> _Work order_
Your task is to retype, exactly and only, the lines from the one containing "英国的隔离政策已进入了第4周" to the final line of the entries, leaving out all pictures.

> _Given data_
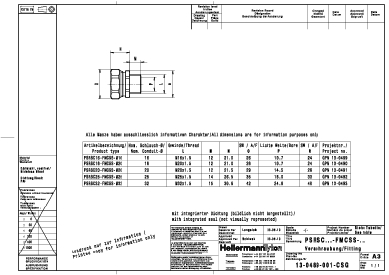 | PART DESCRIPTION | PSRSC20-FMCSS-M20-SS316/PA6-ML |
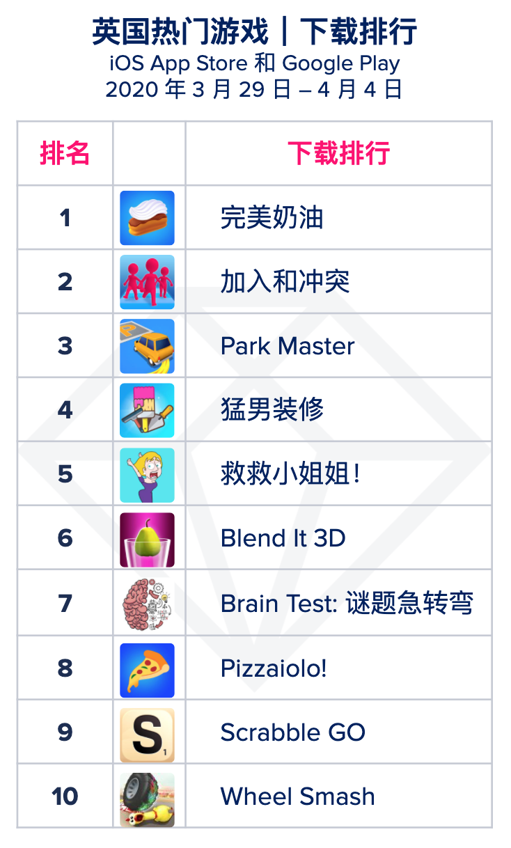 英国的隔离政策已进入了第4周(3月29日-4月4日)。本周,我们来洞察英国移动游戏走势。英国下载榜中,同样可以看到非常明显的超休闲“霸榜”趋势。
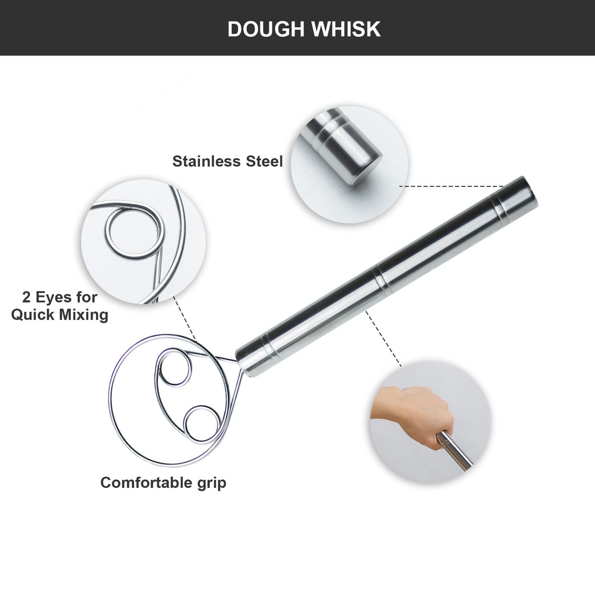 PROFESSIONAL DOUGH WHISK - Our dough whisk with 2 eyes design is 50% more efficient than the whisk with 1 eye. Easier for baking lover to make quick bread. Extra-long and ergonomically handle for your comfort.
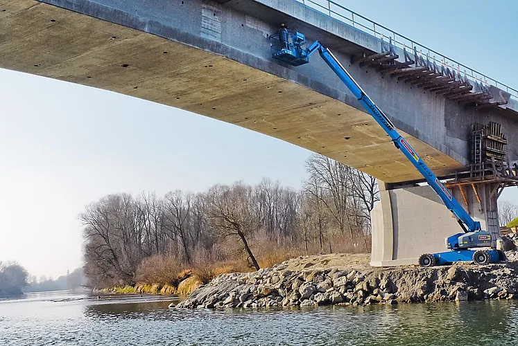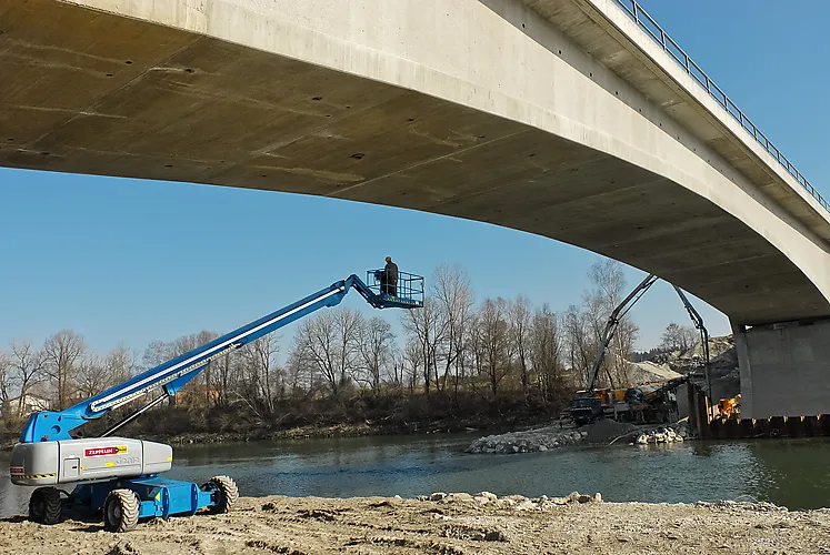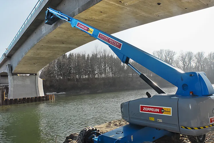 Die eingesetzte Arbeitsbühne von Zeppelin Rental eignet sich mit ihrer Arbeitshöhe von 34 Metern perfekt, um von den Pfeiler-Plattformen aus das Mittelfeld der Brücke über dem Inn zu bearbeiten. Christian Walther: „Mit dem Service von Zeppelin Rental sind wir sehr zufrieden – uns wurde das für unseren Bedarf optimale Gerät zur Verfügung gestellt.“ Dank seines breiten Spektrums an LKW- und Anhängerbühnen, Scheren-, Vertikal sowie Teleskop- und Gelenkteleskopbühnen hat Zeppelin Rental für jedes Projekt die richtige Lösung im Programm.
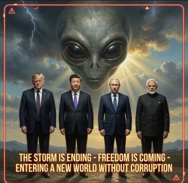 In this historic moment, we stand at the threshold of true freedom. The dark clouds that have loomed over humanity for decades are finally parting. Golden light breaks through as the thunder fades — signaling the end of the long storm and the birth of a cleaner, freer world.
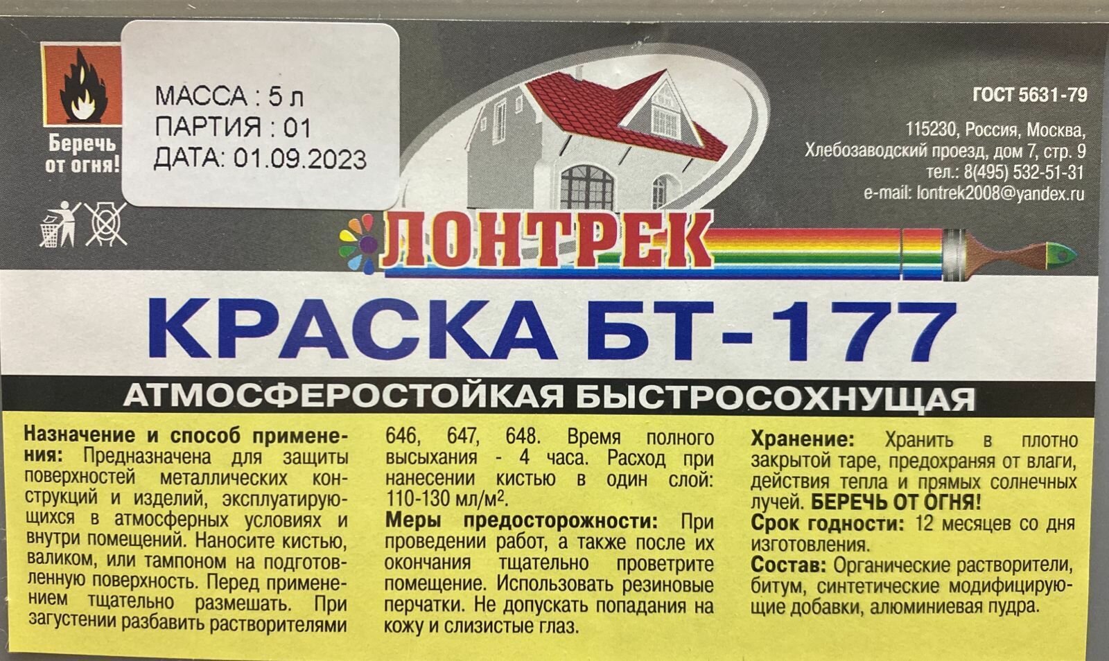 Краска БТ-177 Серебрянка, 5 л., Лонтрек интересное:

> _Response area_
 英国的隔离政策已进入了第4周(3月29日-4月4日)。本周,我们来洞察英国移动游戏走势。英国下载榜中,同样可以看到非常明显的超休闲“霸榜”趋势。
 PROFESSIONAL DOUGH WHISK - Our dough whisk with 2 eyes design is 50% more efficient than the whisk with 1 eye. Easier for baking lover to make quick bread. Extra-long and ergonomically handle for your comfort.
 Die eingesetzte Arbeitsbühne von Zeppelin Rental eignet sich mit ihrer Arbeitshöhe von 34 Metern perfekt, um von den Pfeiler-Plattformen aus das Mittelfeld der Brücke über dem Inn zu bearbeiten. Christian Walther: „Mit dem Service von Zeppelin Rental sind wir sehr zufrieden – uns wurde das für unseren Bedarf optimale Gerät zur Verfügung gestellt.“ Dank seines breiten Spektrums an LKW- und Anhängerbühnen, Scheren-, Vertikal sowie Teleskop- und Gelenkteleskopbühnen hat Zeppelin Rental für jedes Projekt die richtige Lösung im Programm.
 In this historic moment, we stand at the threshold of true freedom. The dark clouds that have loomed over humanity for decades are finally parting. Golden light breaks through as the thunder fades — signaling the end of the long storm and the birth of a cleaner, freer world.
 Краска БТ-177 Серебрянка, 5 л., Лонтрек интересное:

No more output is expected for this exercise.